Sorry for slow response on this. I followed and supported this the first time it came around.

I am still a big +1. This will help a lot with C and other low level interactions.

I am not familiar with other languages having a similar feature outside of full direct memory access.

I feel the naming and documentation make the meaning of this initializer very clear.

1 Like

I don't have much to add except to pile on more support. This is an important step in allowing Swift to efficiently interop with C and other languages, and just for generally optimizing algorithms that want to populate a fixed number of things without wasted initializations.

2 Likes

Why is the UnsafeMutableBufferPointer parameter to the initializer closure inout? The proposal doesn't discuss that and doesn't even mention the fact in its prose:

The new initializer takes a closure that operates on an UnsafeMutableBufferPointer and an inout count of initialized elements.

But the signature in the "detailed description" section shows it being inout:

public init(
    unsafeUninitializedCapacity: Int,
    initializingWith initializer: (
        _ buffer: inout UnsafeMutableBufferPointer<Element>,
        _ initializedCount: inout Int
    ) throws -> Void
) rethrows

And the "try this at home" code listing and implementation both match that. So, what gives? Can you assign a larger buffer? Do you need to deallocate the old buffer if you do?

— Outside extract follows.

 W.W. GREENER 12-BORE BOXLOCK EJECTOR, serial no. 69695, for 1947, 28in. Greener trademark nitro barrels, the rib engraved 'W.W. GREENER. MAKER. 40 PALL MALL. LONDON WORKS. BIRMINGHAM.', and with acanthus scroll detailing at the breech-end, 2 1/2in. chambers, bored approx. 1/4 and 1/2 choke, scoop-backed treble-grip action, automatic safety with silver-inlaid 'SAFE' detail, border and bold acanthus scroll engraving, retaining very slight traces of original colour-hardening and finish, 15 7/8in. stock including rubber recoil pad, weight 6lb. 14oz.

Other than this one point of confusion, I think this is a great proposal.

1 Like

It's more convenience to account for throwing with partially initialized buffers if the count is inout rather than a return value, as you can update it as you go and then it just does the right thing without having to catch anything in many cases.

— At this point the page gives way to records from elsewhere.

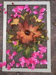 Děti si nasbíraly vlastní paletu přírodnin: listy, okvětní plátky, šípky i drobné větvičky. 🍂🍁🌹 Povídali jsme si o kompozici – co dát do středu, jak vyvážit tvary a jaké barvy spolu ladí. Pak už rámečky začaly ožívat. 🤩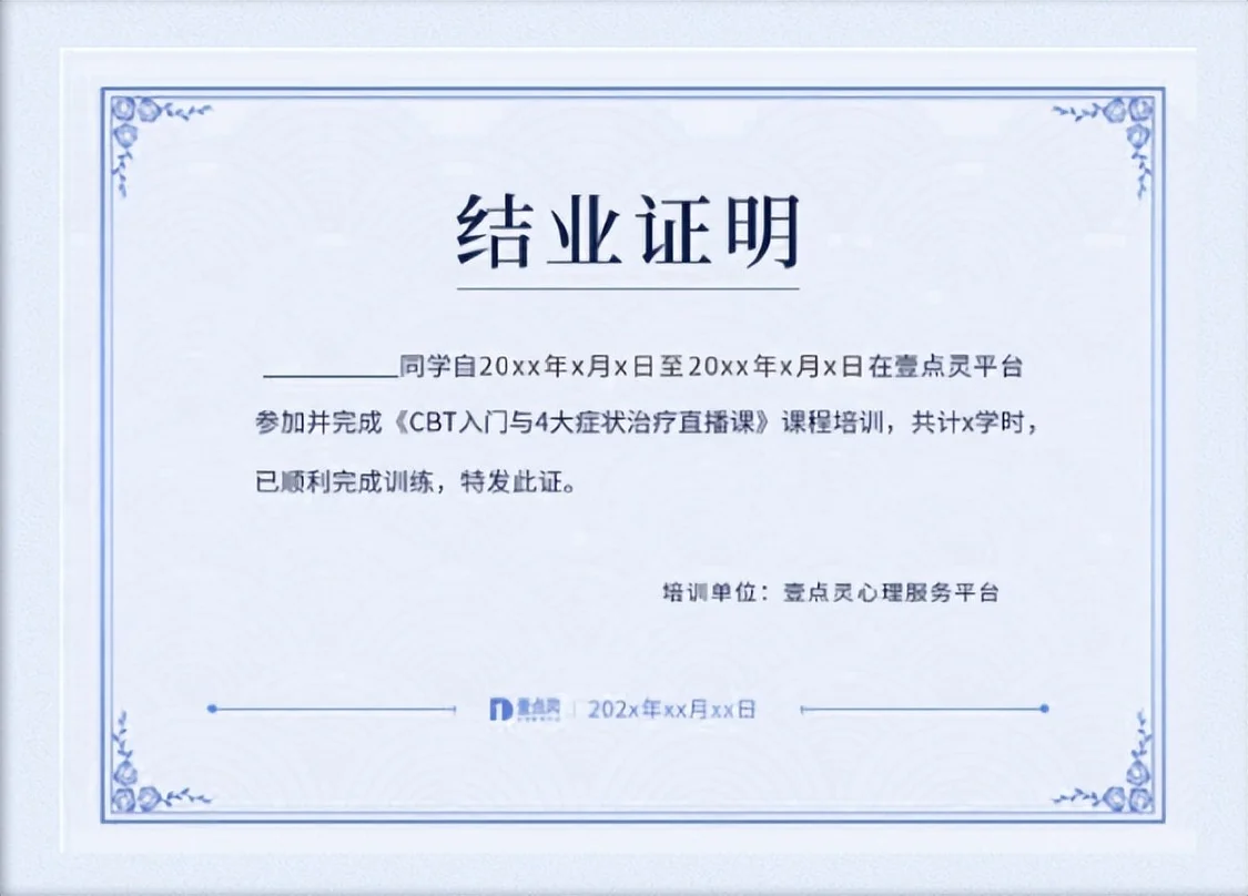 本次獨(dú)家課程只開1期,前100名可享受報(bào)名優(yōu)惠。成功參與4次直播課程且完課率>60%,即可申請(qǐng)壹點(diǎn)靈心理服務(wù)平臺(tái)頒發(fā)的電子版學(xué)習(xí)結(jié)業(yè)證書。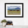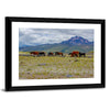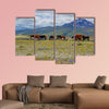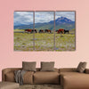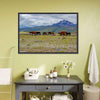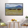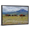 Herd Of Wild Horses Canvas Wall Art depicts a herd of horses grazing on a mountain field beneath a cloudy sky, using a calm palette of green, brown, blue, and gray. The composition emphasizes depth and the rule of thirds for a serene, natural feel that suits rustic or modern home decor.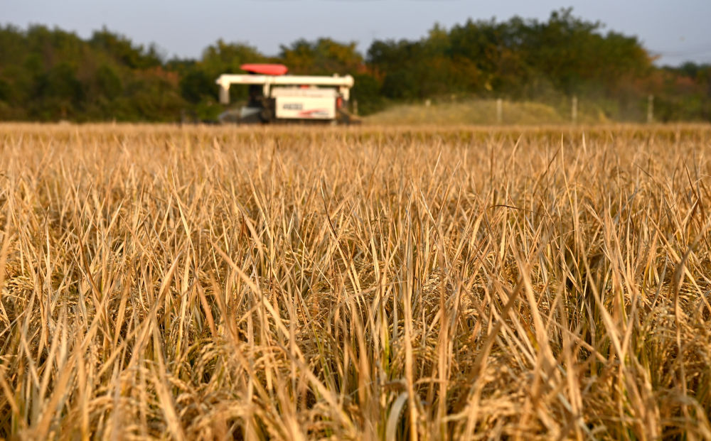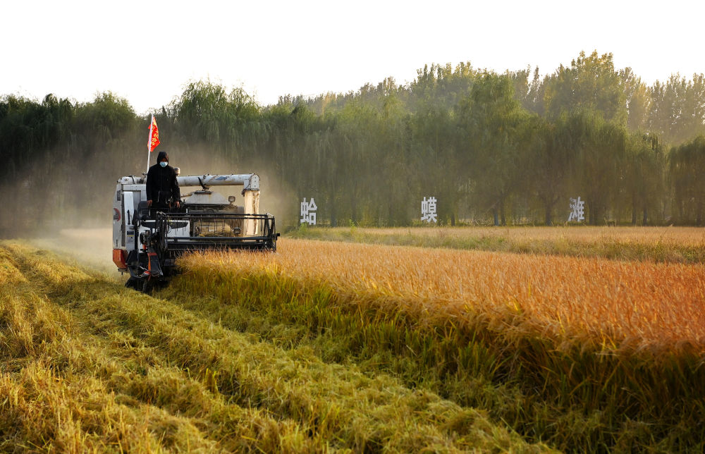 ↑在西安市长安区王曲街道皇甫村,收割机在收割水稻(10月21日摄)。

I believe he is asking about the UMBP, not the count.

edit: unless you mean UMBP's count, which is worth clarifying in the proposal

Oh, sorry, I misread the question!

I guess the same argument as .withUnsafeMutableBufferPointer. It's convenient to be able to call mutating methods on the buffer, which is a struct, without having to make a var copy. Though I agree the case is less compelling here as there probably won't be as much call to do so (though maybe consistency is also a justification). @nnnnnnnn can you confirm?

2 Likes

That's right — this was part of the discussion on the pitch thread, but the justification didn't make it into the proposal. The buffer is in-out so that you can call mutating collection methods while you're working. It's tempting to think it isn't needed because a constant buffer still has mutable elements, but calling something like sort() on the buffer doesn't work unless it's mutable.

I can't remember if this is in the implementation already, but if not we could/should add a check that the buffer doesn't get replaced, like in Array.withUnsafeMutableBufferPointer.

3 Likes

FYI. Stumbled upon this the other day: https://github.com/apple/swift/pull/13323#discussion_r156565955

The inout pointer argument dates back to primordial Swift. Notice
that withUnsafeMutableBytes , added later, correctly passes a
by-value pointer. This is one of a number of source-breaking API
cleanups that I never got around to because nothing was blocked on it.

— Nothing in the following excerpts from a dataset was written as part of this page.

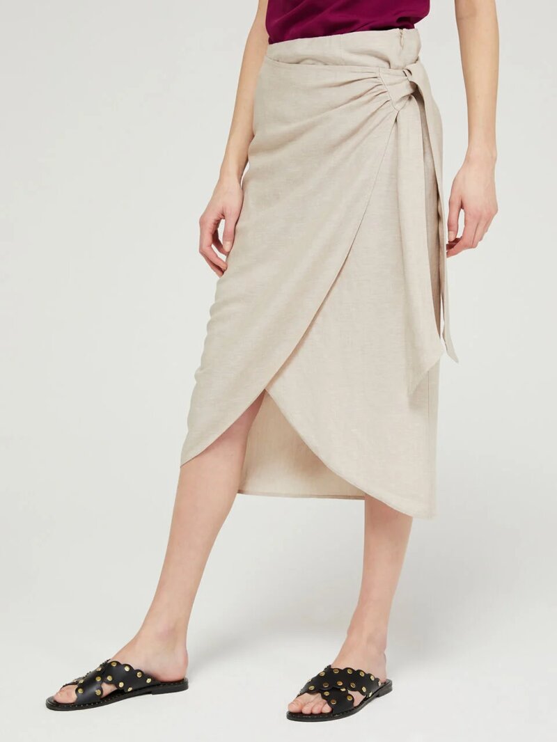 Gonna midi in misto lino e viscosa tinto filo, con fusciacca da annodare sul fianco. Disponibile in 2 colori.
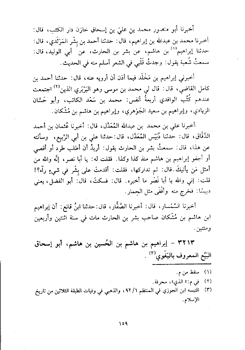 3213 - إبراهيم بن هاشم بن الحسين بن هاشم أبو إسحاق البيع المعروف بالبغوي سمع: أمية بن بسطام، وإبراهيم بن الحجاج السامي، وأبا الربيع الزهراني، وعلي بن الجعد، ومحرز بن عون، ومحمد بن بكار، وأحمد بن حنبل، وأحمد بن سعيد الدارمي.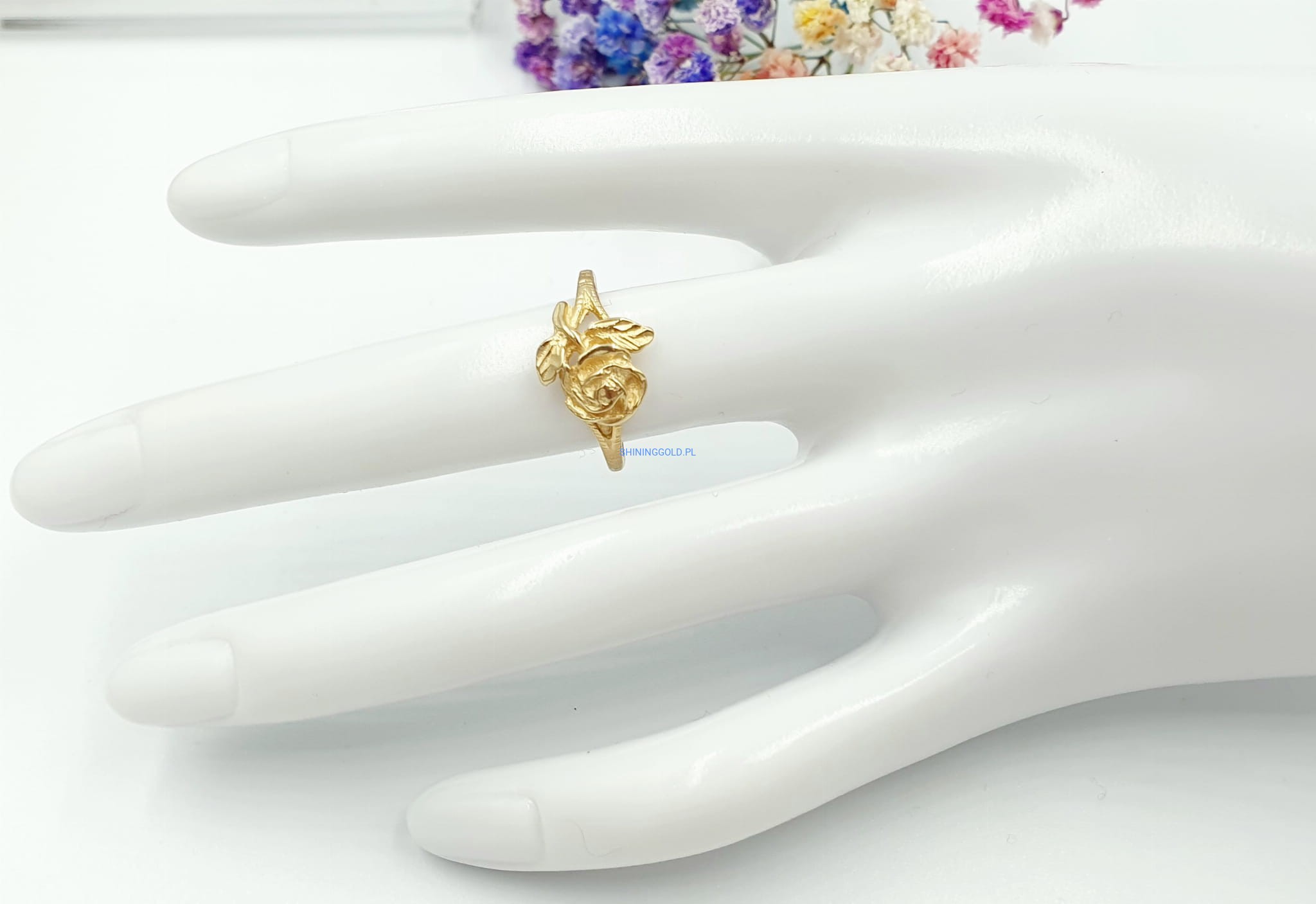 Złoty pierścionek Róża – subtelna elegancja w kwiatowym wydaniu

Don't know if that still applies. @Andrew_Trick?

That exchange predates SE-0237, which established that the buffer argument is taken inout to facilitate calling mutating methods on it.

2 Likes

So I take it we will make this inout as well?

If it were proposed as a new API today, it probably should be. But for source and ABI stability reasons, we can't just change it. We could replace it in an ABI-stable way, but that would need a compelling reason, and there probably isn't one (consistency alone would be insufficient). Using mutating methods on typed buffers is common, but pretty rare on unsafe buffers which are really only collections as a convenience.

1 Like

p.s. if we were to revisit anything about that method, my opinion is that withUnsafeMutableBytes probably should not have been put on Array at all . Given you can trivially create a raw buffer from a typed buffer, it probably doesn't carry its weight as API on such a prominent type.

1 Like

Proposal Accepted

Based on the review feedback, SE-0245 has been accepted as written. Thank you to everyone who reviewed this proposal and provided feedback!